Ik ken de bekendste gedichten van Stefan George, zoals dat wat begint met ‘Komm in den totgesagten park und schau’, maar weet nog te weinig over werk en leven om me een voldoende onderbouwde mening te kunnen vormen over bijvoorbeeld de titel van zijn laatste gedichtenverzameling (1928), Das Neue Reich, de grote bijval van de nationaalsocialisten voor de dichter, en zijn verhuizing in 1933 naar Locarno, door George-adepten aangevoerd als bewijs voor George’s afwijzing van de ideologie van het Derde Rijk.
Gottfried Benn is in 1933 in elk geval behoorlijk openlijk ‘fout’ en hij grijpt de dood van Stefan George met beide handen aan om via diens persoon en werk zijn hoop op en geloof in een nieuwe wereld te onderstrepen, een nieuwe wereld waarin Staat en Kunst een onverbrekelijke eenheid vormen, dat wil zeggen, Kunst die uitgaat en uitkomt op het principe van de vorm: ‘… de schepping is het verlangen naar vorm, de mens is de schreeuw om uitdrukking, de staat is de eerste stap daar naartoe, de kunst de tweede, meer stappen kennen we niet.’ En ‘voor George geldt: de vorm is de schepping; principe, voorwaarde, diepste wezen van de schepping; vorm schept schepping.’
Benn zegt Stefan George niet zozeer of niet in de eerste plaats te bewonderen om ‘de vroege rassenvisie die hij had’, ook ‘niet omdat hij in 1919 een jonge Führer zag’ – want, ‘de kunst wordt er niet dieper van wanneer de geschiedenis haar bevestigt’. Nee, George is in zijn ogen zo groot omdat het hem om de vorm en om de vorm alleen te doen is. Benn laat George daarover ook zelf aan het woord: ‘In de dichtkunst – zoals in alle kunstdisciplines – is ieder die nog in de ban is van de zucht om iets te “zeggen”, om iets te willen “bewerkstelligen” het niet eens waard het voorportaal van de kunst te betreden.’
En dan is het voor de Berlijnse arts nog maar een miniem stapje naar huiveringwekkende uitlatingen als deze: ‘… auch der Züchtungsgedanke fällt unter dieses Formprobleem. (…) Teelt en kunst – de beide symbolen van het nieuwe Europa, als er nog een nieuw zal komen, daar staat George en er is geen terug.’

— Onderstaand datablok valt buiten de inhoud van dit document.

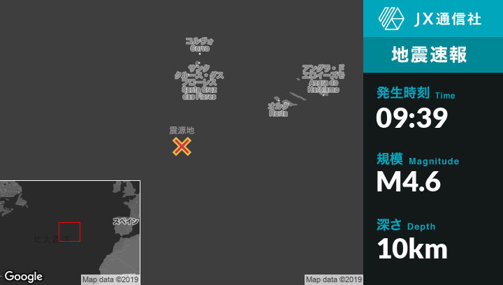 7月08日 09:39頃、ポルトガルのSanta Cruz das Floresから南南西222kmの地点でM4.6の地震がありました。
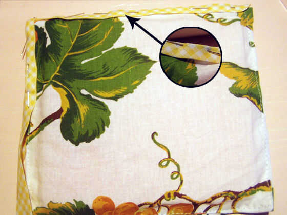 Piegate il nastrino una metà e mettetelo sul bordo en modo sia da un lato dall'altro ci sia la stessa quantità di nastro, fissate con gli spilli man mano procedete.
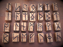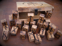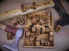 Hochwertig handgeschnitzte Runen aus Eichenholz.
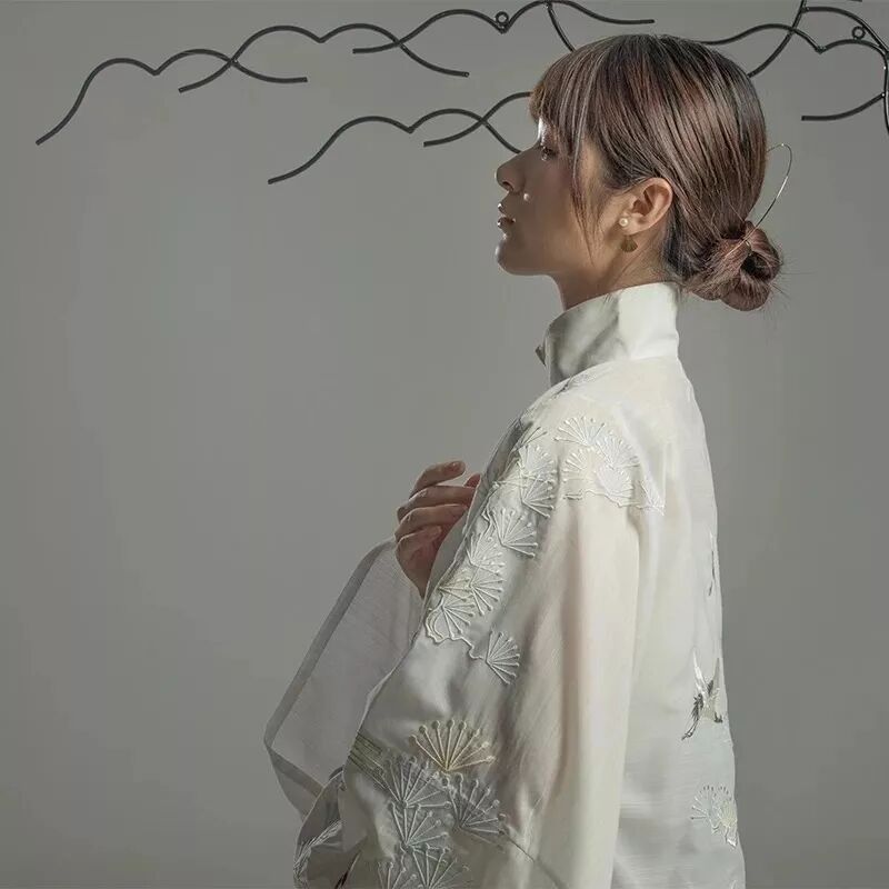 宴山亭家的衣服走两个极端,一种是超时髦的日常汉服,与阔腿裤混搭毫无违和感。
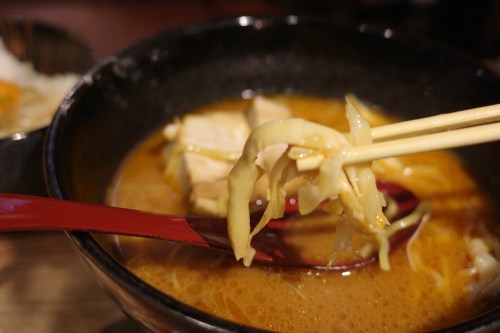 中太ちぢれ麺はエッジの効いた味噌スープとの相性もピッタリ。
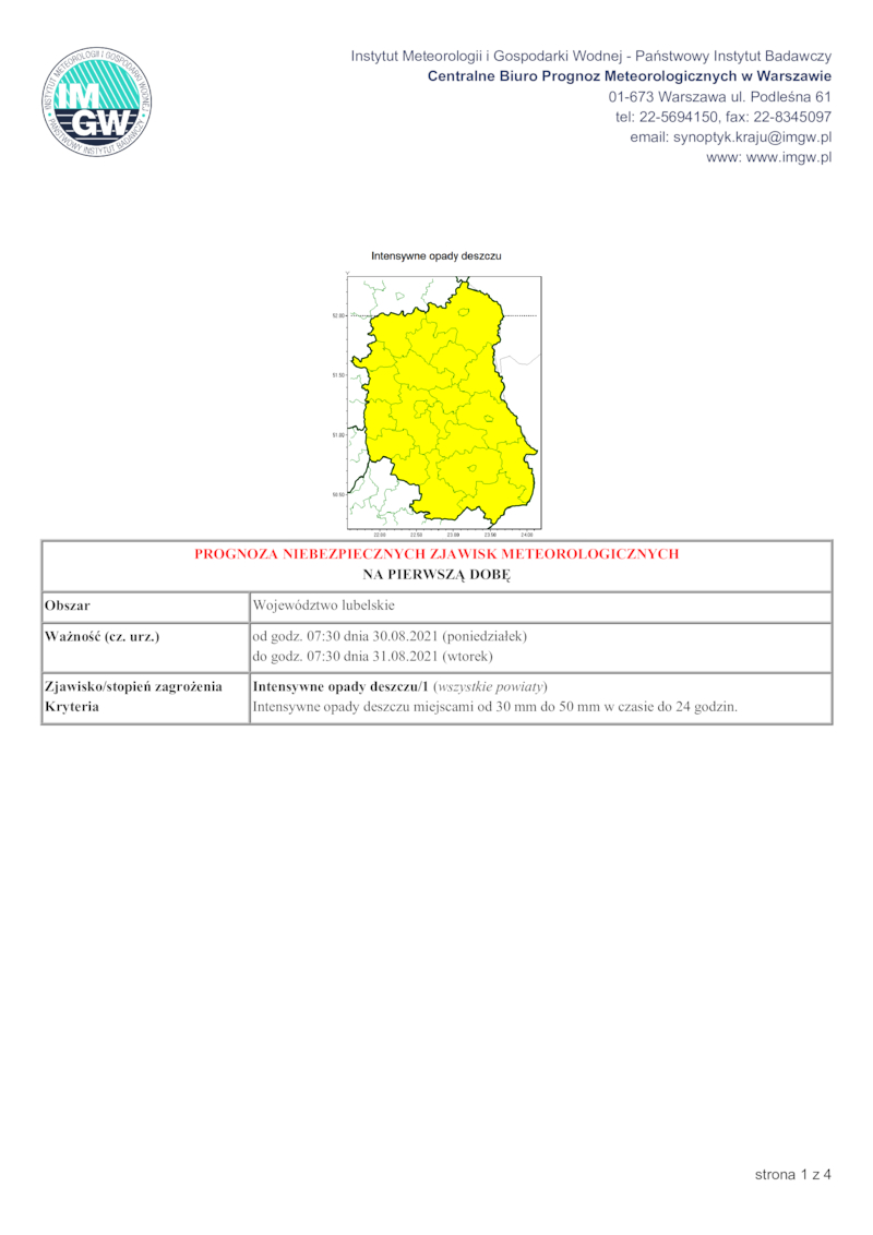 PROGNOZA NIEBEZPIECZNYCH ZJAWISK METEOROLOGICZNYCH
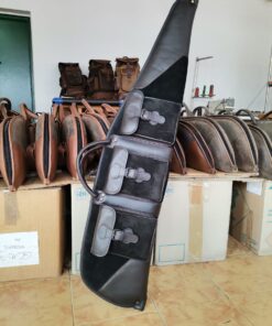 For functionality, the case features a flap-covered ammo pocket (22 x 15 x 2 cm) and a silencer pocket (36 x 7 x 4 cm). Additionally, a premium zipper extends along the full length and supports a padlock for secure travel. A leather shoulder strap adds comfort and freedom of movement during long treks.
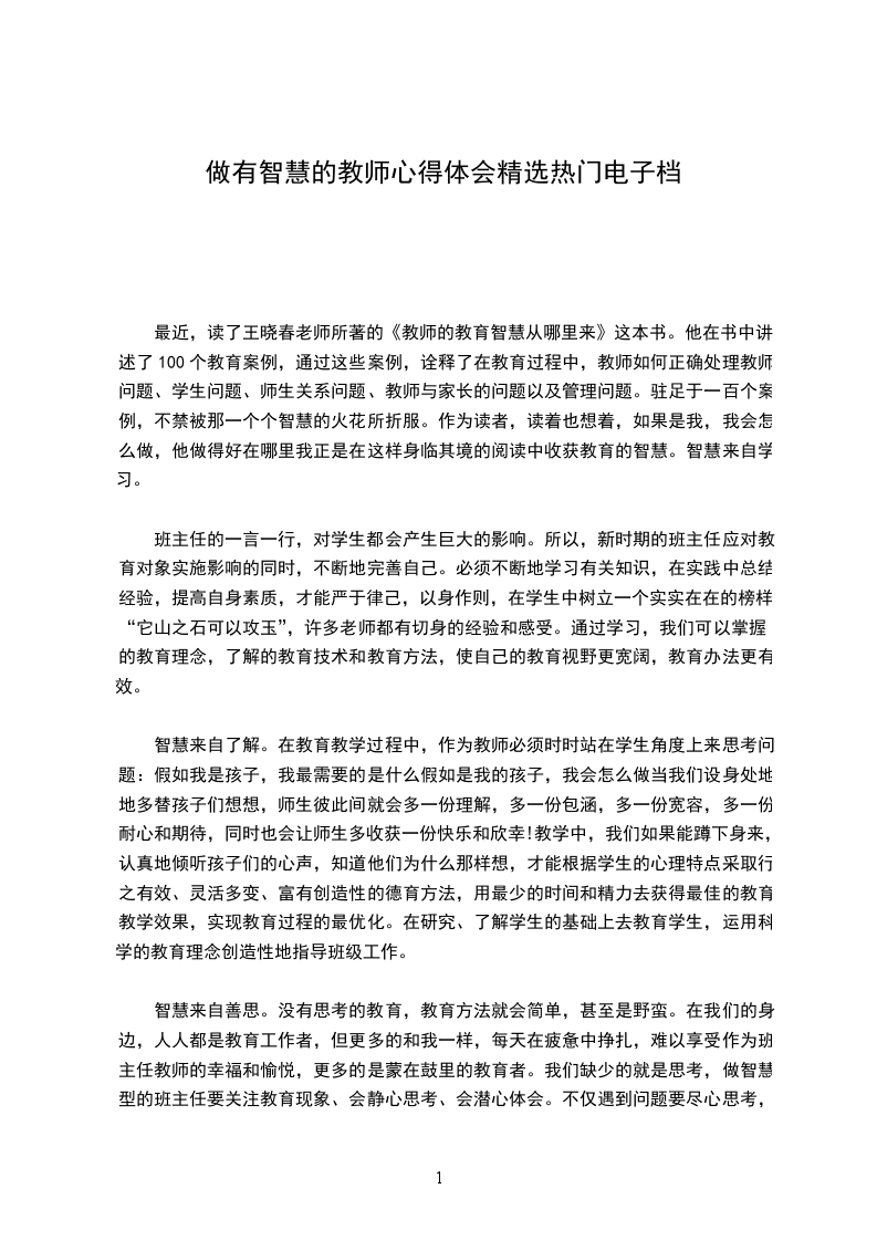 最近,读了王晓春老师所著的《教师的教育智慧从哪里来》这本书。他在书中讲述了100个教育案例,通过这些案例,诠释了在教育过程中,教师如何正确处理教师问题、学生问题、师生关系问题、教师与家长的问题以及管理问题。驻足于一百个案例,不禁被那一个个智慧的火花所折服。作为读者,读着也想着,如果是我,我会怎么做,他做得好在哪里我正是在这样身临其境的阅读中收获教育的智慧。智慧来自学习。

Tjonge, we wilden alleen maar naar Bingen voor een paar ontspannen, toeristische dagen, zonder dat eeuwige, zware getob over het Deutschtum – en prompt zit ik er weer middenin, daar helpen de grote oude platanen van het terras aan de Rheinkai niets aan, hoe ze ook hun best doen, onder een blauwe hemel bij 26 graden, om zich Frans te gedragen: het grote glas koel Bier vom Fass is hen te lekker af.

Wordt vervolgd

LINKS- EN RECHTSMAINISCHE EN - RHEINISCHE KUNSTNOTITIES 7


[VERVOLG 6]
Über den Reben Schweben! Ondanks mijn hoogtevrees en het onbegrip ervoor (‘Je zit maar enkele meters boven de grond!’), laat ik me overreden om in een schuitje van de Rüdesheimer Seilbahn te stappen. Wanneer ik mijn bijna voortdurende aanvechtingen om te springen heb overwonnen, sta ik boven, om allereerst op weg te gaan naar Germania. Voorafgegaan en gevolgd door niet alleen Europese en Amerikaanse, maar opvallend veel Chinese toeristen. Het is een te mooie zondagmiddag. Een bedelorkestje speelt op het panoramaplatform. Van de overkant van de Rijn schalt het Wilhelmus, zoals naderhand ook de Deutsche Nationalhymne en het God Save the Queen over de wijnvelden omhoog en tegen de bosrand zullen galmen, rechtstreeks übertragen vanuit een of ander Olympisch stadion in Londen. (Alles in deze Rijndalsleuf maakt zich meervoudig hoorbaar, galmend en echoënd, de boten, de personen- en goederentreinen, de hamerslagen op een dak.)
          Intussen heeft het pompeuze Niederwalddenkmal nog steeds de uitstraling van de nationalisme waarvoor het in de jaren zeventig van de negentiende eeuw werd opgericht na de Duits-Franse oorlog, ter ere van het nieuwe Duitse keizerrijk. Een en al overbekende betekenis en symboliek zonder iets te raden over te laten, inclusief Germaanse mythen- en sageniconen: adelaar, eikenloofkrans, lauwerkrans, keizerkroon, draak, zwaan, harnas, zwaard, enzovoort. De hele iconologische rimram is voor dit monument gemobiliseerd. Germania houdt haar hoofd, wanneer ik naar haar opkijk, in oostelijke richting gedraaid, om het Duitse Rijk te overzien. Links en rechts onder naast haar sokkel staan de allegorische figuren van oorlog en vrede: de gevleugelde oorlog in zijn gotische uitrusting, die westelijk, dus aan de Franse kant staat opgesteld, blaast zijn overwinningsbazuin rijkinwaarts aan, om Duitsland te laten weten dat het karwei achter de rug is.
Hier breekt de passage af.